Automated Testing in GNU Wget

This page is for discussing future directions for how automated testing should work in Wget.

1. Issues With Current Automated Testing

Well, the good news is that thanks to Mauro, we now have testing infrastructure in place, and the capability to actually have some semblance of confidence in new changes that we make.

I believe, though, that there is still a lot of work remaining in order to bring the automated testing to where it needs to be. Here are some of the current problems, as I see it, with how testing currently works.

1.1. Not enough coverage

IMO there's not nearly enough coverage of the current code to be confident that new code hasn't introduced regressions, thus undermining one of the major benefits of having automated tests.

1.2. Manual inspection required

The current functionality (.px) test infrastructure is geared exclusively toward testing the immediately user-visible behavior of wget, and its after-effects on the file-system.

This completely leaves out testing of wget's interactions with how wget interacts with servers. For instance, testing that wget only issues a preliminary HEAD in the situations we want it to do so, before issuing the GET request. Or that wget only issues an Authorization header after it has received a challenge from the server, indicating what sort of authentication mechanism should be used.

Currently, the tests for the HEAD functionality assume a human operator is inspecting the log output of the test; this is not acceptable. Support for the Authorization testing was hacked into the test web server implementation by having it return an error code if authentication credits are received before any challenges are issued; this situation is not ideal, though, as there is no means by which to distinguish error responses from the server due to invalid behavior on the part of wget, from legitimate and expected error responses during testing.

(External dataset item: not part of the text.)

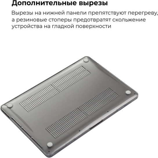 Міцний полікарбонат захищає ноутбук від подряпин, легких ударів та забруднень. Чохол покриває верхню та нижню частини пристрою, залишаючи отвори для вентиляції та ніжки для стійкості.
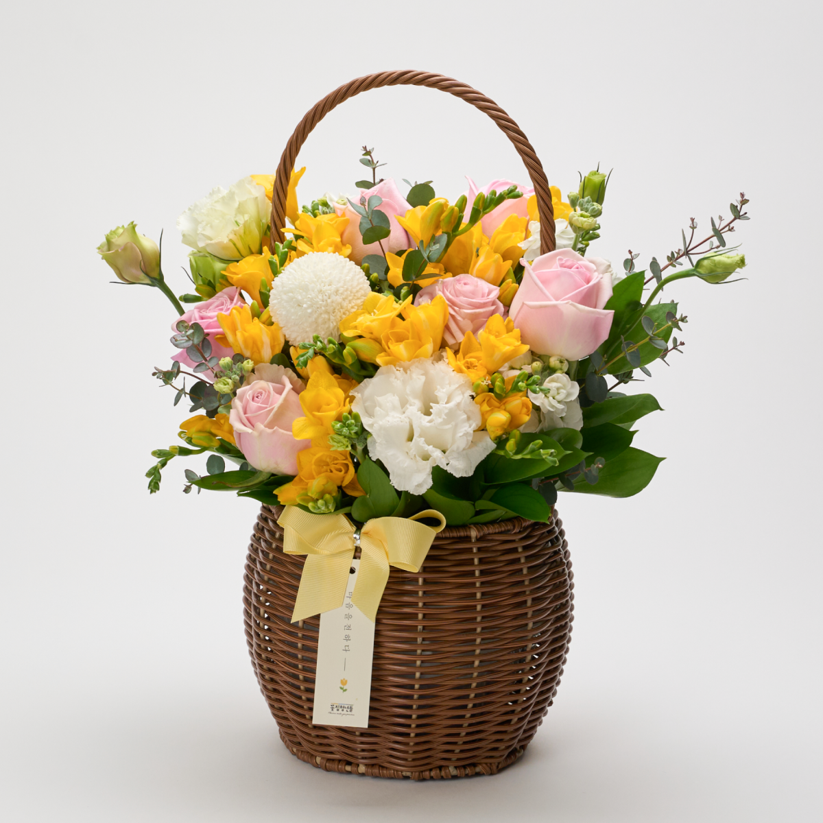 향긋한 봄을 알리는 후리지아와 화사한 계절꽃을 곁들인 꽃바구니입니다.

1.3. Unit tests should be separate from the tested source

Leaving the conditionally-compiled unit test code in the same file as the main source being tested is not desirable for the following reasons:

it will lead to overly large files (especially if we start getting the test coverage with the unit tests that we want);
I'm trying to move us away from using #ifdefs all over the place, whereas this format moves us in the direction of adding more of these;
I much prefer to avoid any differences, even very minor ones, between "testing" or "debug" code, and "production" code. The more that "test" code differs from "production" code, the less confident we can be that we are testing what we're producing. The risk of introducing behavioral differences simply by adding more functions to a "testing" version may be quite low, but the consequences would be fairly high (could take quite some time to track down an issue we've already mentally ruled-out: the slight difference between the two different object files).

OTOH, as Mauro has pointed out, moving the test code into separate compilation units means we can't test the internal-linkage (static) functions. As I see it, there are a few ways we could deal with this:

we could remove the static specifiers for any functions we desire to test, giving them external linkage;
the static functions could be moved to a separate file, which would be #included by both the main source file and the unit test source file;
rather than linking as separate compilation units, the test source file could #include the main source files.

1.4. Unit tests preferred to high-level functionality tests

I'd like to prefer the writing of unit tests for each separate function and/or facility in the source code, to writing high-level functionality tests. The main reason is that, given the right support for such tests, it would be possible to test a wide variety of behaviors in Wget's code via simulation, rather than requiring real connections to web servers, etc. That is, a connection to one or more HTTP servers could be simulated by overriding the socket library (or, probably better, using an object-oriented interface to connections, and replacing the standard version with a connection simulator), without having to set up a fake test server, etc. And, how would one easily test interactions involving multiple hosts? Rather difficult to do with functionality tests, unless one can be assured of access to the internet and to a couple of test servers; but relatively much easier to do with unit test simulations.